Da questi valori scaturisce «una cultura della cura, nutrita dalla Parola di Dio, che invita ad aprire il nostro cuore a chi nel lavoro vede messa a rischio la dignità e la propria vita». Papa Francesco  indica un preciso compito educativo e di tutela dei più deboli nel mondo del lavoro, che impegna la società civile e la comunità cristiana. Non solo: nell’analisi dei vescovi, «la complessità delle cause e degli eventi richiede un approccio «integrale» da parte di tutti i soggetti in campo: vanno realizzati interventi di sistema sia a carattere statale, sia a livello aziendale». E ancora, «è fondamentale investire sulla ricerca e sulle nuove tecnologie, sulla formazione dei lavoratori e dei datori di lavoro, ma anche inserire nei programmi scolastici e di formazione professionale la disciplina relativa alla salute e alla sicurezza nel lavoro.
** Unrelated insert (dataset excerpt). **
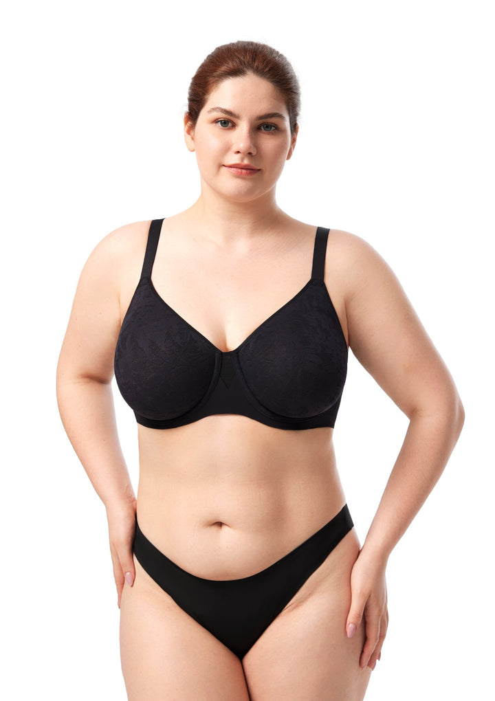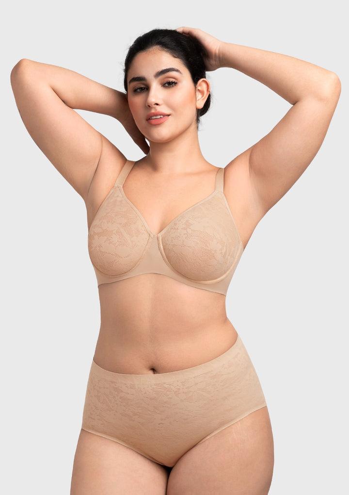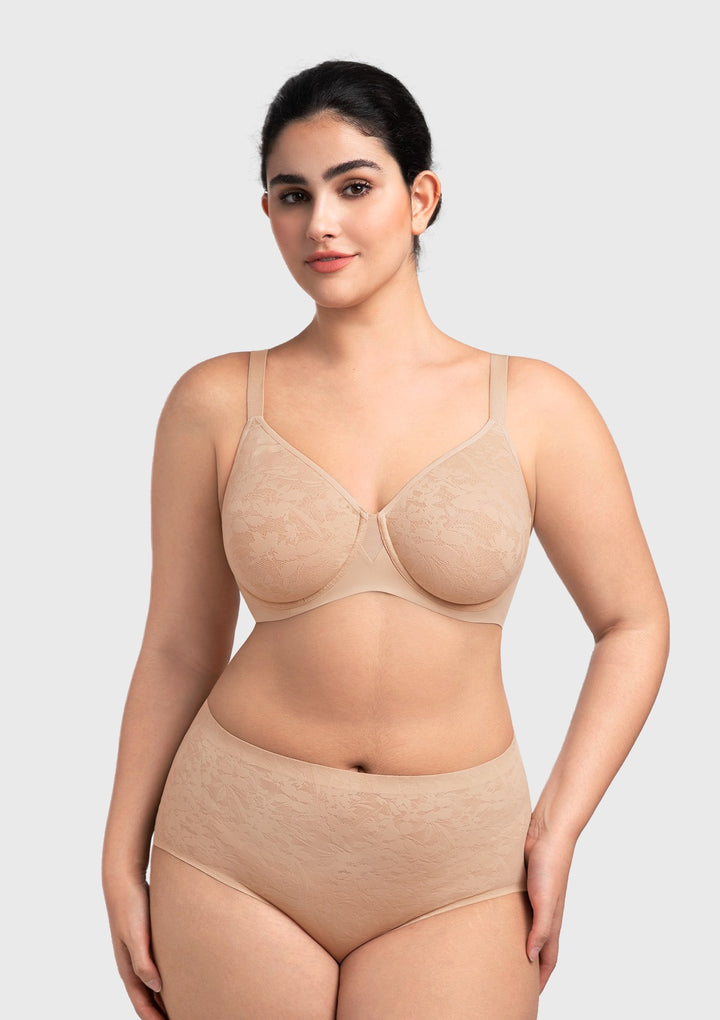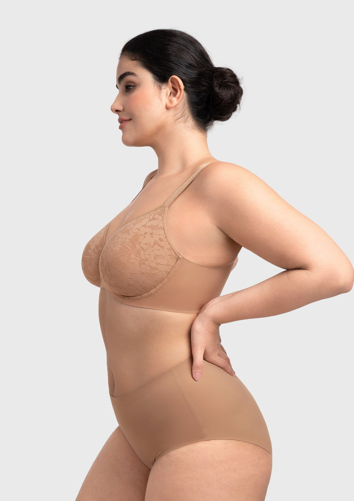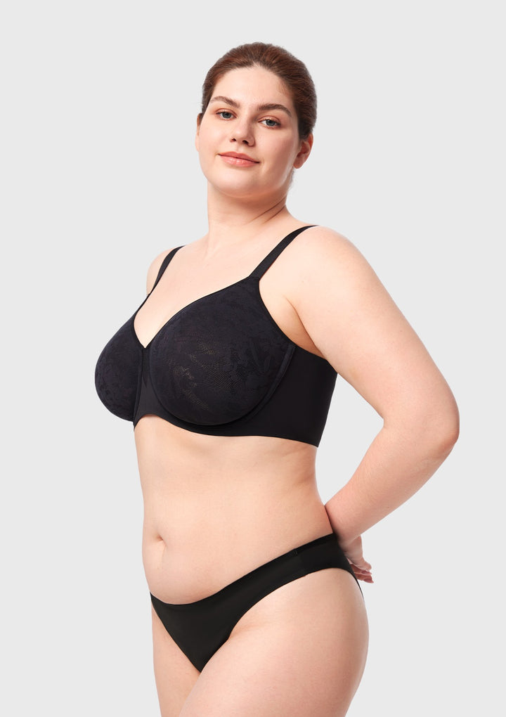 Full coverage lace cups are integrated with a supportive underwire and soft mesh. This combination delivers natural, reliable shaping and lasting comfort. Invisible Seamless FitFeaturing bonded edges and seamless construction for a completely smooth look under any clothing. The design eliminates lines and bulges for a perfect silhouette.

È importante che lo Stato metta in atto controlli più attenti, che diventino uno stimolo alla prevenzione degli infortuni», si legge ancora nel messaggio. E anche le modalità di organizzazione dell’impresa giocano un «ruolo decisivo» nella tutela della sicurezza del lavoratore, come ricordava Francesco agli imprenditori, nel 2016. Ai sindacati, dall’altra parte, i vescovi ricordano l’impegno «a tutela soprattutto delle professioni che risultano più logoranti per la salute o maggiormente esposte a rischio». Coniugando difesa dell’ambiente e protezione del lavoro, dignità e sicurezza. «Solo se ogni attore della prevenzione, a diverso titolo – a partire dalle istituzioni e dalle parti sociali – contribuisce al contrasto degli eventi infortunistici, si avrà una vera svolta. Per questo è necessario risvegliare le coscienze. Grazie a un’assunzione di responsabilità collettiva si può attuare quel cambiamento capace di riportare al centro del lavoro la persona, in ogni contesto produttivo», è la conclusione dei presuli.